• _PROBLEM STATEMENT_
Restate the data exactly as given and keep the pictures out.

Data records:
######

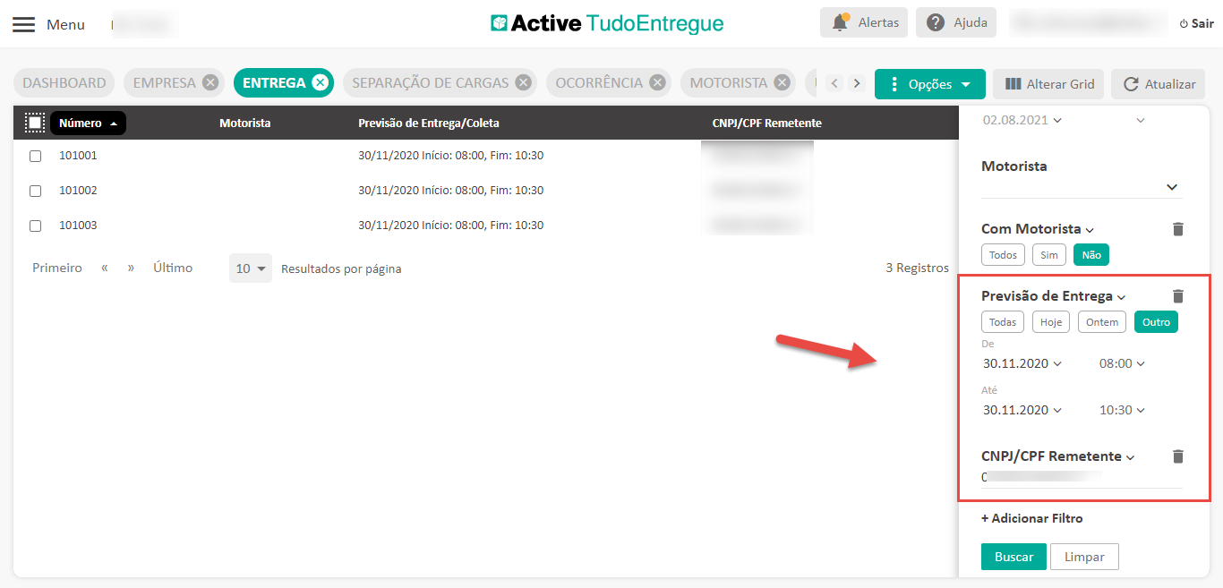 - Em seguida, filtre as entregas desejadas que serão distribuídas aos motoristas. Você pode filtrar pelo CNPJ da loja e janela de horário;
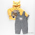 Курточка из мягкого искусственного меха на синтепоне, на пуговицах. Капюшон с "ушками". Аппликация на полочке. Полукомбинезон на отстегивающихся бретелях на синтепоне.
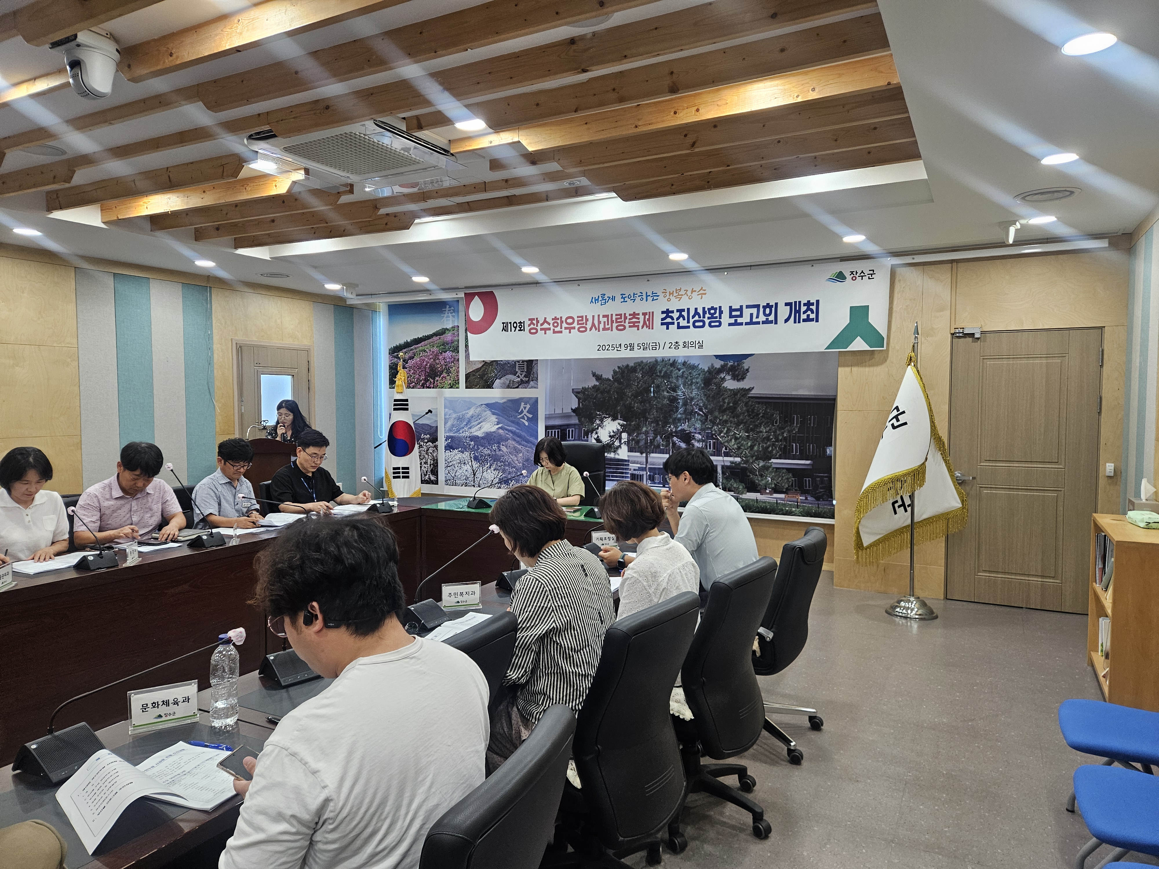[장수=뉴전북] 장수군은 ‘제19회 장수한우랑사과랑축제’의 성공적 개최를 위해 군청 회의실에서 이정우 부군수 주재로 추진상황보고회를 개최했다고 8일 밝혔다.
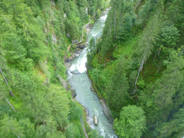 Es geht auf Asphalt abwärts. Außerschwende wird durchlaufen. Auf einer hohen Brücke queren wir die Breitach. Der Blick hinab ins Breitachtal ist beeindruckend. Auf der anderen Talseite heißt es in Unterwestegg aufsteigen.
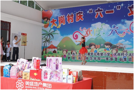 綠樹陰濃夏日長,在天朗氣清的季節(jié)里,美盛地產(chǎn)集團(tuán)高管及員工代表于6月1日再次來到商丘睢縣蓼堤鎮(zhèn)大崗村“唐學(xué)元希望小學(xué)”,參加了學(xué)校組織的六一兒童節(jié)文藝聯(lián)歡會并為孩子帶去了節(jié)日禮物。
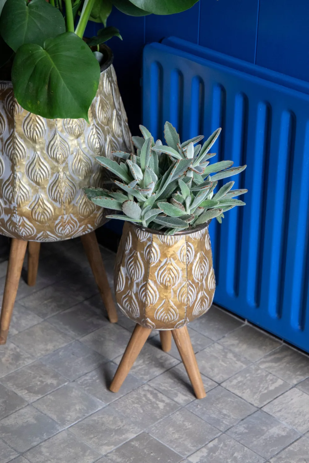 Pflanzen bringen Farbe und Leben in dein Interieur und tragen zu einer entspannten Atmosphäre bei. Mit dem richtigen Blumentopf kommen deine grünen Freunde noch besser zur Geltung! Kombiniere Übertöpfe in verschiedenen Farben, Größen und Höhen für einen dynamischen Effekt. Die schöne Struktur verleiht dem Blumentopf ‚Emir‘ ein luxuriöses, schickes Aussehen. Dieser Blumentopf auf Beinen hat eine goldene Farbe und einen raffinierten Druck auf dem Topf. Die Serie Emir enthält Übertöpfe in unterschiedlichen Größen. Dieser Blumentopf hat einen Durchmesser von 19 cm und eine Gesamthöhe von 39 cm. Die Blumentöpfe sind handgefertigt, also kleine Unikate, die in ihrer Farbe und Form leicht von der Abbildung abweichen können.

######

• _EXPECTED ANSWER_
 - Em seguida, filtre as entregas desejadas que serão distribuídas aos motoristas. Você pode filtrar pelo CNPJ da loja e janela de horário;
 Курточка из мягкого искусственного меха на синтепоне, на пуговицах. Капюшон с "ушками". Аппликация на полочке. Полукомбинезон на отстегивающихся бретелях на синтепоне.
[장수=뉴전북] 장수군은 ‘제19회 장수한우랑사과랑축제’의 성공적 개최를 위해 군청 회의실에서 이정우 부군수 주재로 추진상황보고회를 개최했다고 8일 밝혔다.
 Es geht auf Asphalt abwärts. Außerschwende wird durchlaufen. Auf einer hohen Brücke queren wir die Breitach. Der Blick hinab ins Breitachtal ist beeindruckend. Auf der anderen Talseite heißt es in Unterwestegg aufsteigen.
 綠樹陰濃夏日長,在天朗氣清的季節(jié)里,美盛地產(chǎn)集團(tuán)高管及員工代表于6月1日再次來到商丘睢縣蓼堤鎮(zhèn)大崗村“唐學(xué)元希望小學(xué)”,參加了學(xué)校組織的六一兒童節(jié)文藝聯(lián)歡會并為孩子帶去了節(jié)日禮物。
 Pflanzen bringen Farbe und Leben in dein Interieur und tragen zu einer entspannten Atmosphäre bei. Mit dem richtigen Blumentopf kommen deine grünen Freunde noch besser zur Geltung! Kombiniere Übertöpfe in verschiedenen Farben, Größen und Höhen für einen dynamischen Effekt. Die schöne Struktur verleiht dem Blumentopf ‚Emir‘ ein luxuriöses, schickes Aussehen. Dieser Blumentopf auf Beinen hat eine goldene Farbe und einen raffinierten Druck auf dem Topf. Die Serie Emir enthält Übertöpfe in unterschiedlichen Größen. Dieser Blumentopf hat einen Durchmesser von 19 cm und eine Gesamthöhe von 39 cm. Die Blumentöpfe sind handgefertigt, also kleine Unikate, die in ihrer Farbe und Form leicht von der Abbildung abweichen können.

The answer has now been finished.